I don’t understand this now.  I’m angry about this now.  And you probably are too about your given situation.  But somewhere at my core, I’m awaiting the purpose, knowing it’s there.  I wish I had a verse to quote you, some inspiration to give you…but right now my brain is clouded by emotion and I only have pieces of scriptures or songs that flash briefly in my mind across the struggle.  Prayer is where I find my comfort, both in saying it and receiving it so where words fail me, I know Jesus hears my every cry and knows my heart.
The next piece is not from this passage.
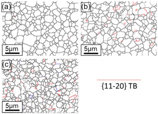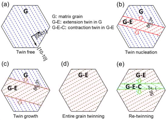 More details of the plastic deformation are illustrated in Figure 15, which originates from twinning and double twinning shown in Figure 14c. In the deformation process, twinning and double twinning occur in the following steps: twinning nucleation, twinning growth, entire grain twinning, and/or double grain twinning. All of them are related to the general glide-shuffle or shear-shuffle involving the slip of twinning dislocations. Initiated with an un-twinning area (i.e., matrix grain shown in Figure 15a), the grain begins to twin by the nucleation associated with the {10-12}<−1011> extrusion twinning only if the RSS of the Mg substrate is equal to CRSS for twin nucleation. Then the grain is divided into an un-twinning zone (matrix) and a twinning zone (twin), as shown in Figure 15b. Their crystallographic lattice, which is mirrored through the twin boundaries (TBs) equivalent to an 86.3° rotation to the c-axis in hexagonal close-packed (hcp) unit cell (or basal plane as demonstrated in the dotted lines in Figure 15). After twining nucleation, twin growth starts when the RSS of the Mg substrate surpasses the CRSS value (Figure 15c). Twinning growth occurs via the glide of twinning dislocations (TDs) of the substrate on the TB when the stress generated on TDs acts as the driving force at the TBs. Due to the twinning with polar property, the TDs can slip along the twinning direction. With increasing strain, the entire grain is twinned, along with the slip of TDs at the TB, where extension twins merge and twin boundaries disappear, as shown in Figure 15d. Double twinning, representing the activation of a twin within a twinned grain (Figure 15e), occurs after the grain becomes totally extension twinning. In this case, the c-axis is in compression stress condition while it is compressed along the ED. Accordingly, the contraction twinning {10-11}<10-1-2> is activated (Figure 15e), which represents {10-12}-{10-11} double twinning sequence.

Here is what I will say – over and over and over again, people have thanked me for my vulnerability and honesty in this.  I’ve been shocked by that.  I know it’s dark at times.  But that’s what I’d say for now – share your struggle.  So many women have come to me saying they struggled quietly and alone through miscarriage and loss of children and they wish they would have opened themselves up to the support they see being poured out on us.  The way we’ve been covered in prayer, you just can’t even begin to imagine.

I don’t know if that will be the right path for you, but it is working for me.  So I’m going to continue to share.  You never know the support you can find in sharing your journey.  I’ve been overwhelmed (in the best way) by it.  While I would pray to have this cup pass from me, we are thankful!